- EXERCISE INSTRUCTIONS -
Reproduce exactly the lines of this material that begin at the line with "Unearth new possibilities" and end at the line with "唯獨舞台繼《快樂王子》後,再", both included. Omit the pictures and everything else.

- INPUT DATA -
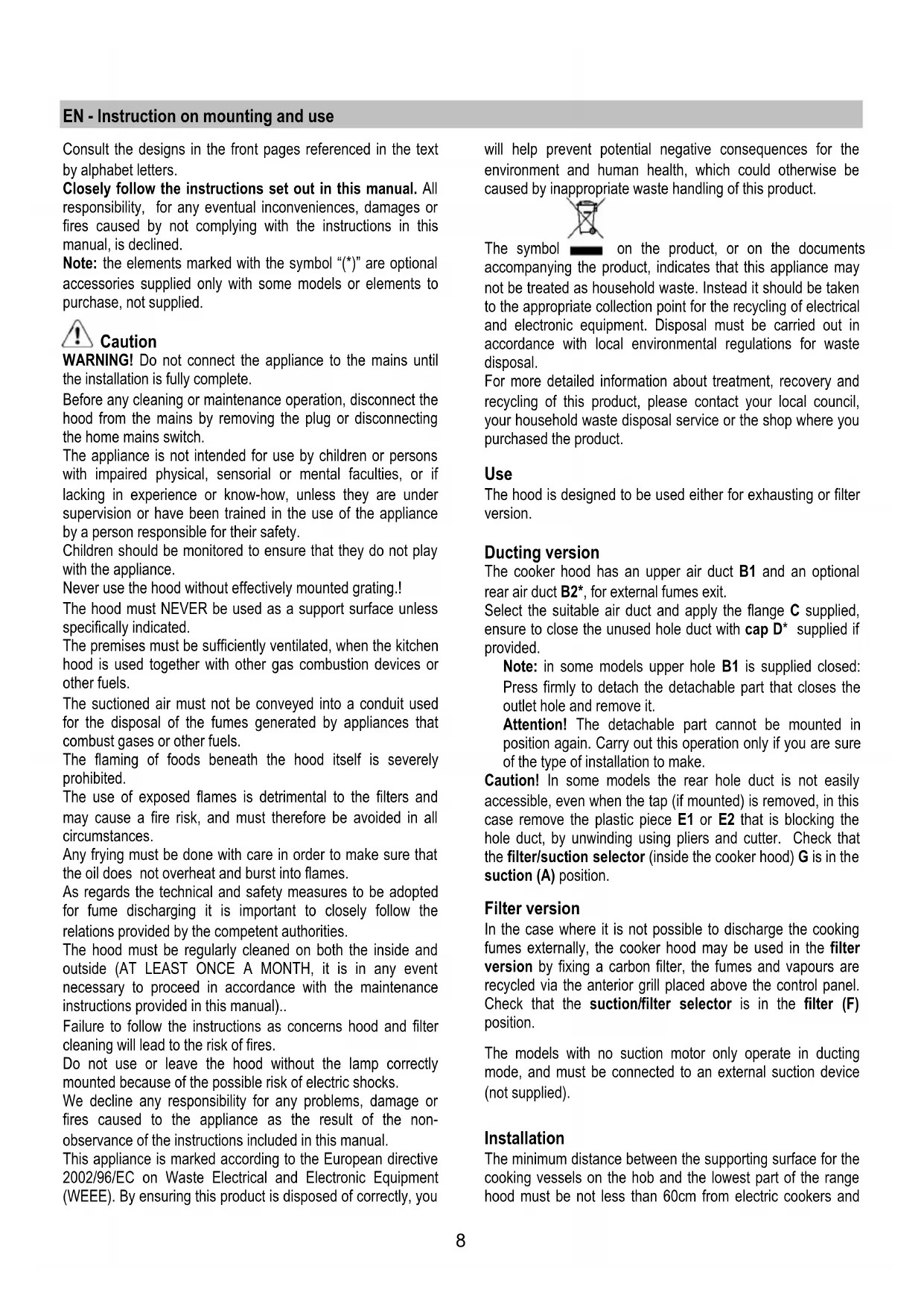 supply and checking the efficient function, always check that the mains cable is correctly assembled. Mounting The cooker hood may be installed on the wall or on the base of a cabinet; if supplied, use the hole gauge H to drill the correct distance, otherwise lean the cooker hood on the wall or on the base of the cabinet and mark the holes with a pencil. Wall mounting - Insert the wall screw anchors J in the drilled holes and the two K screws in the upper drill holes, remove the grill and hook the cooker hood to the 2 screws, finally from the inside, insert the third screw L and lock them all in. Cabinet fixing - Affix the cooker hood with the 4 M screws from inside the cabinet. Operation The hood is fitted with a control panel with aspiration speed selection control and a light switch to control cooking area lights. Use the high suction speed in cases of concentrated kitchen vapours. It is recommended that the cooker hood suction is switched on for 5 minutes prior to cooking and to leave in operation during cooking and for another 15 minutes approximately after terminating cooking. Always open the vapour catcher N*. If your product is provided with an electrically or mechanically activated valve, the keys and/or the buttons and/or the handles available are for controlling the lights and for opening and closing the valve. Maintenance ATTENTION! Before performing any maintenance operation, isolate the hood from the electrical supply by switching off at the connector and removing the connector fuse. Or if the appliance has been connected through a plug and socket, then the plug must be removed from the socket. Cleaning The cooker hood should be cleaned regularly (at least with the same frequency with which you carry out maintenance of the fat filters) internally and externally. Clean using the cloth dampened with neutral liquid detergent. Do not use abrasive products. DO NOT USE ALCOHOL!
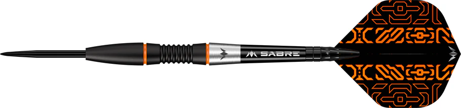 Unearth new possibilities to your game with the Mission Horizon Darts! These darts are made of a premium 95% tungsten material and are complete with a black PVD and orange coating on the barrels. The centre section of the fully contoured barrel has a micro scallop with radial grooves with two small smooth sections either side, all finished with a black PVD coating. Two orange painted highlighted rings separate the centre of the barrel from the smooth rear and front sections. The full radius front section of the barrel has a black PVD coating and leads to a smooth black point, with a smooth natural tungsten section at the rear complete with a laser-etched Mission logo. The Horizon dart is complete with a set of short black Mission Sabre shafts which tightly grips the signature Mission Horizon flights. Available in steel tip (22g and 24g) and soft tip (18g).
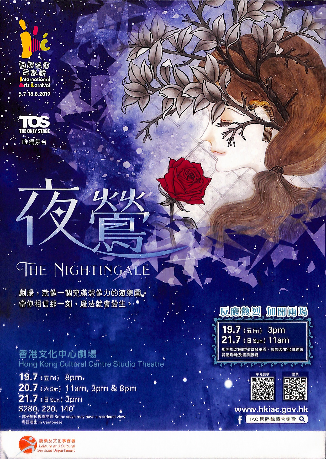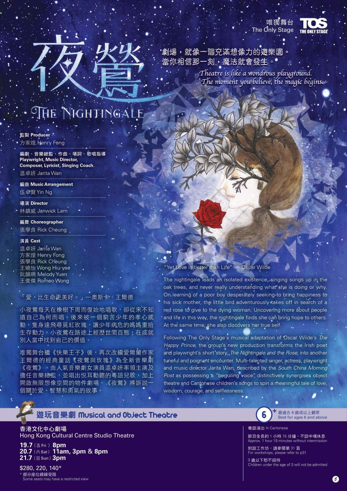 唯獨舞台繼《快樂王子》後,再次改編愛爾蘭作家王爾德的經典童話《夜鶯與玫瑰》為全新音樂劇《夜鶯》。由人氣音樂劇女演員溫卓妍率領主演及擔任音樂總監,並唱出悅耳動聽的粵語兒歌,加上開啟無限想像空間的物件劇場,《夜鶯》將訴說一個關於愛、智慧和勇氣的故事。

---

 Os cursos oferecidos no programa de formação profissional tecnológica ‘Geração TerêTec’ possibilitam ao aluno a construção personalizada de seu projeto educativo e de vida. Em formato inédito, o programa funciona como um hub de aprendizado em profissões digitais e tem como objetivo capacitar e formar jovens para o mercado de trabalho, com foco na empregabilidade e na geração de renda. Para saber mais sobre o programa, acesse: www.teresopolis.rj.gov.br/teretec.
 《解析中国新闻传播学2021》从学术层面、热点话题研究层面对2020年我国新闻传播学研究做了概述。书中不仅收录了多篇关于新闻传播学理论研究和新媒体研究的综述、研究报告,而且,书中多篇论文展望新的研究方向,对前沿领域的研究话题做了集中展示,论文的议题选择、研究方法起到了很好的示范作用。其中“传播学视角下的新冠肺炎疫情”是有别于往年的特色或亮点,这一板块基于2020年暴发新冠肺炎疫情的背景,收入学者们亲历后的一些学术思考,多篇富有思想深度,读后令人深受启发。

- TASK OUTPUT -
 Unearth new possibilities to your game with the Mission Horizon Darts! These darts are made of a premium 95% tungsten material and are complete with a black PVD and orange coating on the barrels. The centre section of the fully contoured barrel has a micro scallop with radial grooves with two small smooth sections either side, all finished with a black PVD coating. Two orange painted highlighted rings separate the centre of the barrel from the smooth rear and front sections. The full radius front section of the barrel has a black PVD coating and leads to a smooth black point, with a smooth natural tungsten section at the rear complete with a laser-etched Mission logo. The Horizon dart is complete with a set of short black Mission Sabre shafts which tightly grips the signature Mission Horizon flights. Available in steel tip (22g and 24g) and soft tip (18g).
 唯獨舞台繼《快樂王子》後,再次改編愛爾蘭作家王爾德的經典童話《夜鶯與玫瑰》為全新音樂劇《夜鶯》。由人氣音樂劇女演員溫卓妍率領主演及擔任音樂總監,並唱出悅耳動聽的粵語兒歌,加上開啟無限想像空間的物件劇場,《夜鶯》將訴說一個關於愛、智慧和勇氣的故事。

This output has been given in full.